Further, three-quarters of cardiovascular disease deaths happen in low- and middle-income countries.

Of the 17 million deaths occurring before age 70 and related to non-communicable diseases, 82% occur in low- and middle-income countries, and 37% are attributable to cardiovascular disease.

Using population-wide strategies, most cardiovascular diseases preventing by addressing behavioural risk factors – smoking, unhealthy eating and obesity, physical inactivity, and harmful alcohol use.

People suffering from cardiovascular disease or at significant risk of cardiovascular disease (due to the presence of one or more risk factors such as hypertension, diabetes, hyperlipidemia or an already established disease) require early detection and care, including psychological support and medication, as needed.

What are Cardiovascular Diseases?

Cardiovascular disease is a collection of disorders disturbing the heart and blood vessels, which includes:

  • coronary heart disease (affecting the blood vessels that supply the heart muscle)
  • cerebrovascular disease (affecting the blood vessels that supply the brain)
  • peripheral arterial disease (affecting the blood vessels that supply the arms and legs)
  • rheumatic heart disease, affecting the muscle and valves of the heart and resulting from rheumatic fever, caused by streptococcus bacteria
  • congenital heart defects (defects in the structure of the soul already present at birth)
  • deep vein thrombosis and pulmonary embolism (obstruction of the veins in the legs by a blood clot, which may be released and migrate to the heart or lungs).

Heart attacks and strokes are frequently acute events mainly due to a blocked artery preventing blood from reaching the heart or brain. Their most common cause is the build-up of a fatty deposit on the internal walls of the blood vessels supplying these organs. Strokes can also result from bleeding from a brain blood vessel or clots.

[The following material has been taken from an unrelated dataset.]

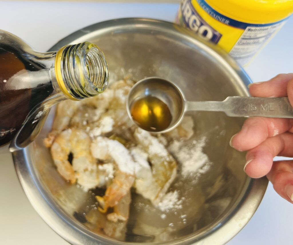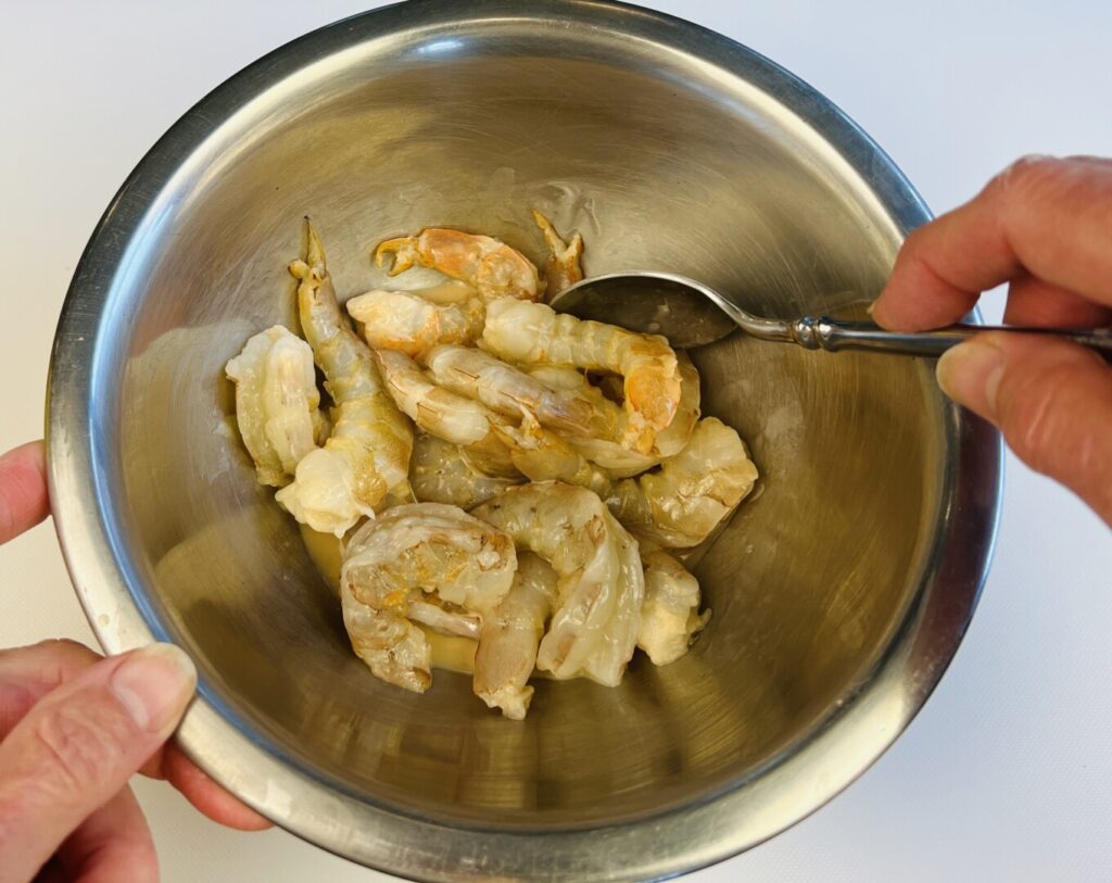 The next step is to “marinate” the shrimp. However, both the ingredients used in a Chinese cuisine marinade and its purpose are different from marinades used in Western cuisines—hence the quotation marks. A basic Chinese marinade comprises rice wine, cornstarch, and salt or soy sauce. The preferred rice wine is a type called shao xing, of which there are many Chinese brands available. https://amzn.to/3YgCS4e Avoid shao xing labeled “cooking wine,” as this has had salt added to comply with some US state regulations. Unlike Western cuisine marinades, the purpose of a Chinese marinade is not flavor-enhancement and tenderization but, rather, to create a starchy, semi-fluid coating on the exterior of a protein food before stir-frying. This coating serves to prevent the food from sticking to the pan, hold in moisture, and enhance browning. The process is simple: Just add the marinade ingredients to the shrimp and stir to evenly coat them. Because Chinese rice wine is low in acidity and the sodium level is low, there’s no danger of over-marination.

Heart attacks and strokes are usually due to several associated risk factors: smoking, unhealthy diet and obesity, physical inactivity and harmful alcohol use, hypertension, diabetes, and hyperlipidemia.

What are the risk factors of Cardiovascular Disease?

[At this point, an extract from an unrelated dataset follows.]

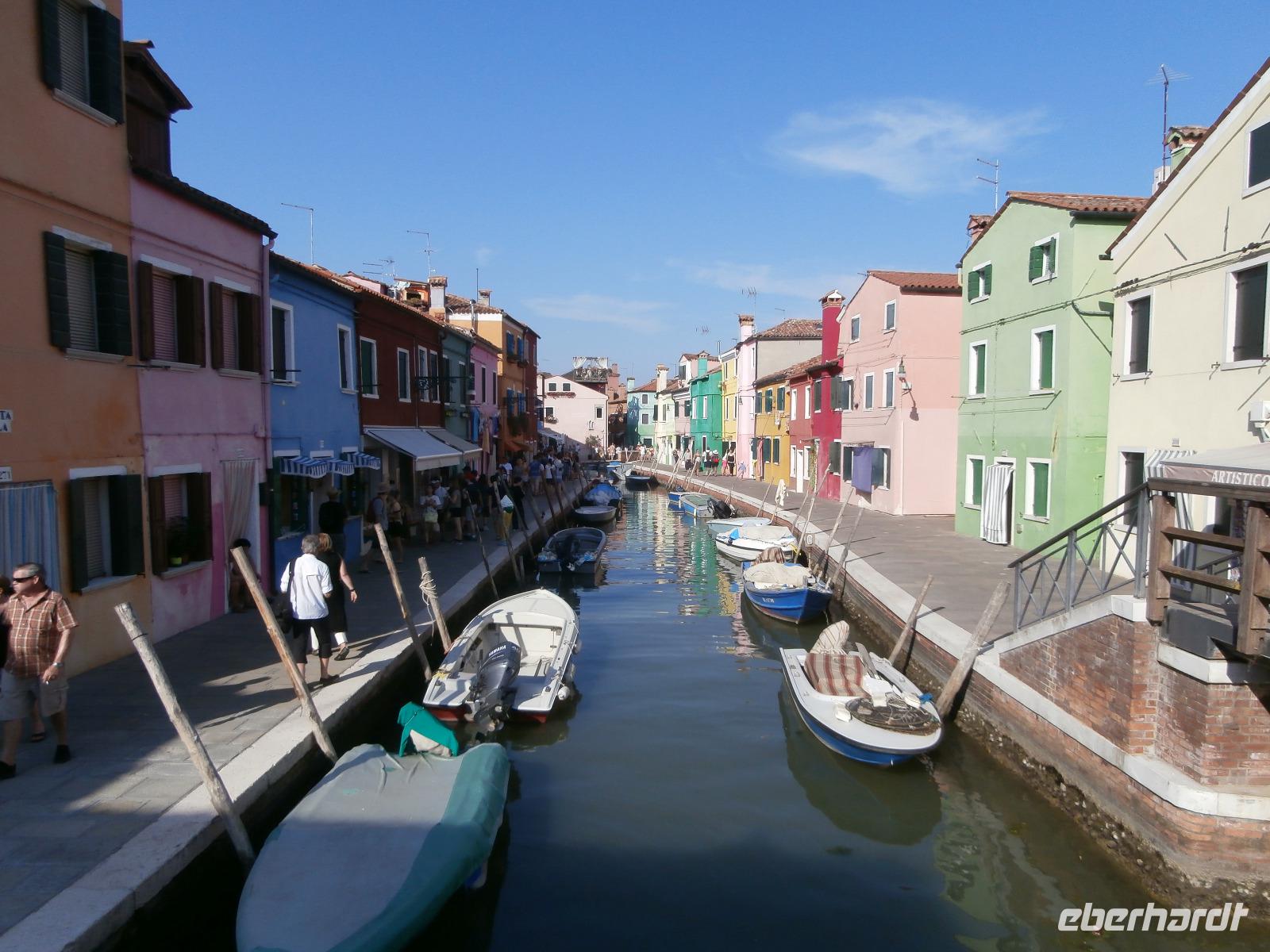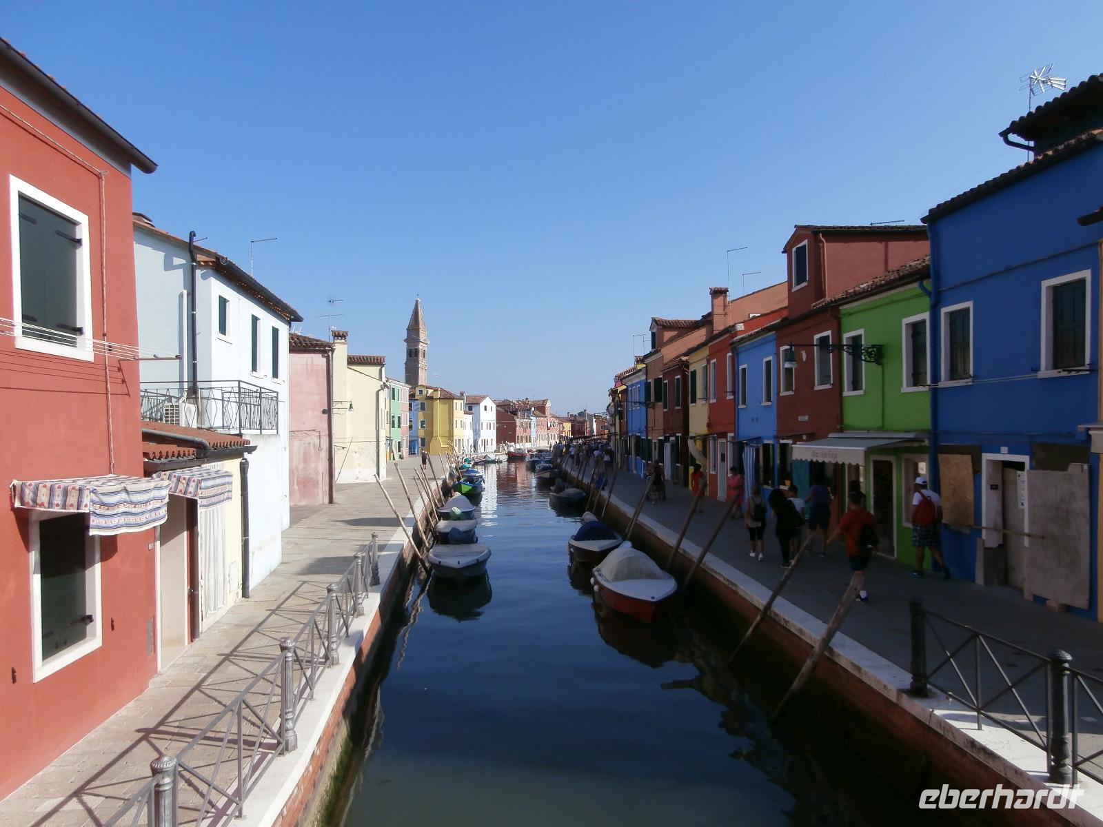 Wieder ausgestattet mit den Audioguides starten wir zusammen in den Tag, auch heute treffen wir uns mit Alessia im Hotel. Unsere Führung beginnen wir in der Accademia, sie befindet sich am Südufer des Canal Grande in unserem Stadtviertel Dorsoduro Die Accademia beherbergt die weltweit größte Sammlung venezianischer Malerei von der Gotik bis zum Rokoko. Weiter laufen wir durchs Stadtviertel Dosoduro entlang der kleinen Kanäle, sehen immer wieder, wie das Leben auf dem Wasser und mit den Booten funktioniert. Nun steht die Besichtigung der Kirche Santa Maria Gloriosa die Frari an, sie ist die zweite größte, gotische Kirche der Stadt Venedig und der Aufnahme Mariens in den Himmel gewidmet. Zwei Hauptwerke Tizians befinden sich in der Frari Kirche, das Öl-Gemälde, „Himmelfahrt Marias" es wurde speziell für diesen Ort gemalt und 1518 am Hochaltar aufgestellt. Ein großes Grabmal in der Kirche erinnert an Tizian. Weiter geht es noch über einige schöne Plätze wie den Campo Santa Maria Formosa bis in Nähe der Rialto Brücke Hier verabschieden wir uns heute von Alessia und fahren mit dem Vaporetto hinaus zur malerischen Fischerinsel Burano, sie empfängt uns herzlich, eine Augenweite sind die vielen bunten Häuser, sie ist sicherlich die farbenfrohste Laguneninsel. Bunt gestrichene Häuser säumen die Kanäle und von überall ist der schiefe Campanile der Kirche San Martino von Burano zu sehen. Hier nutzen wir die kurze Zeit, um die Köstlichkeiten der Insel zu probieren, Eis zu essen und Espresso zu trinken. Die Spitzenschule Scuola die Merletti ist eine über 100 Jahre alte Klöppelschule mit Museum, leider sind es heute nur noch wenige Klöpplerinnen, denen man bei der Arbeit in Burano zusehen kann.

The highest risk factors for heart disease and stroke are poor diet, physical activity, smoking, and harmful alcohol use.

The effects of behavioural risk factors can lead to hypertension, hyperglycemia, hyperlipidemia, overweight and obesity in people. These intermediate-risk factors can be evaluated in primary health care settings and indicate an increased risk of heart attack, stroke, heart failure and other complications.

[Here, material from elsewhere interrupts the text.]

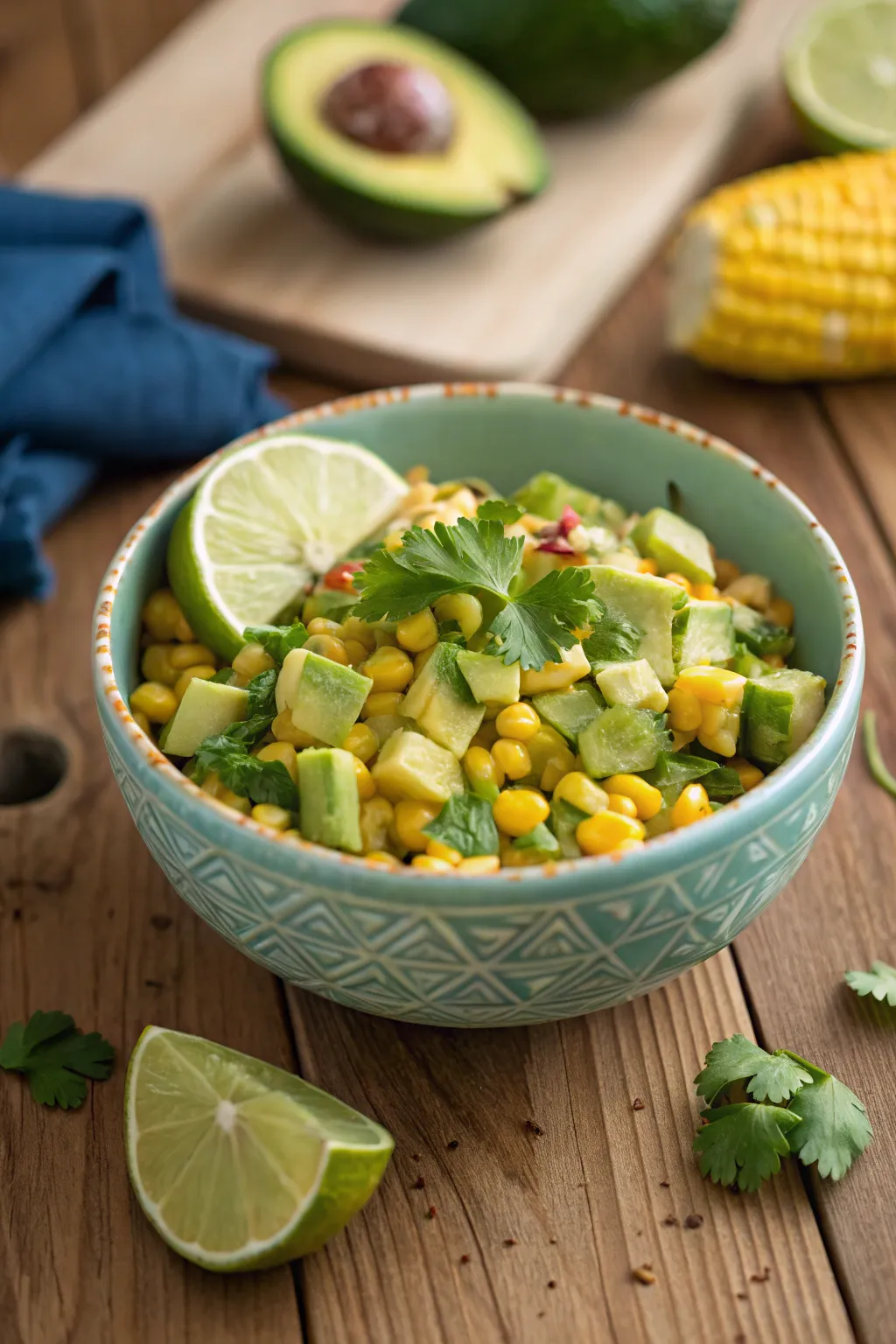 Mix tender corn kernels with creamy avocado and a squeeze of lime for a refreshing corn and avocado fiesta. This vibrant dish is a hit at my summer barbecues.

Quitting smoking, reducing salt intake in your diet, consuming fruits and vegetables, participating in regular physical activity, and avoiding the harmful use of alcohol have been found to reduce the risk of cardiovascular disease. In addition, drug treatment for diabetes, hypertension and hyperlipidemia may be necessary to decrease cardiovascular risk and prevent heart attacks and strokes. Health policies, which create the right conditions for making good health choices both affordable and possible, are essential to encourage people to adopt and stick to healthy behaviour.

There are also several causal determinants of cardiovascular disease. They come from the main social, economic, and cultural developments – globalization, urbanization, and population ageing. Other determinants of cardiovascular disease are poverty, stress and hereditary factors.

What are the common symptoms of Cardiovascular Disease?

Symptoms of heart attacks and strokes

The cardiovascular disease affecting the blood vessels often does not give any symptoms. Sometimes a heart attack or stroke is the first sign of the underlying condition.

In particular, a heart attack can cause the following symptoms:

  • pain or anxiety in the central part of the chest;
  • discomfort or pain in the arms left shoulder, elbows, jaw or back.

Furthermore, the person may have difficulty breathing or shortness of breath, feel unwell or vomit, feel dizzy or pass out, have a cold sweat, or turn pale. Women are more likely to experience difficulty breathing or nausea, vomit, or have pain in the jaw or back.

The supreme common symptom is a sudden feeling of weakness in the face, arm or leg, most often on only one side of the body. A stroke can also cause the following symptoms to appear suddenly:

  • numbness of the face, arms or legs, mainly on one side of the body;
  • confusion, difficulty speaking or understanding speech;
  • visual problems affecting one or both eyes;
  • severe headache with no known cause and syncope or loss of consciousness.
  • Difficulty walking, loss of balance or coordination, dizziness;

People with these symptoms should seek immediate medical attention.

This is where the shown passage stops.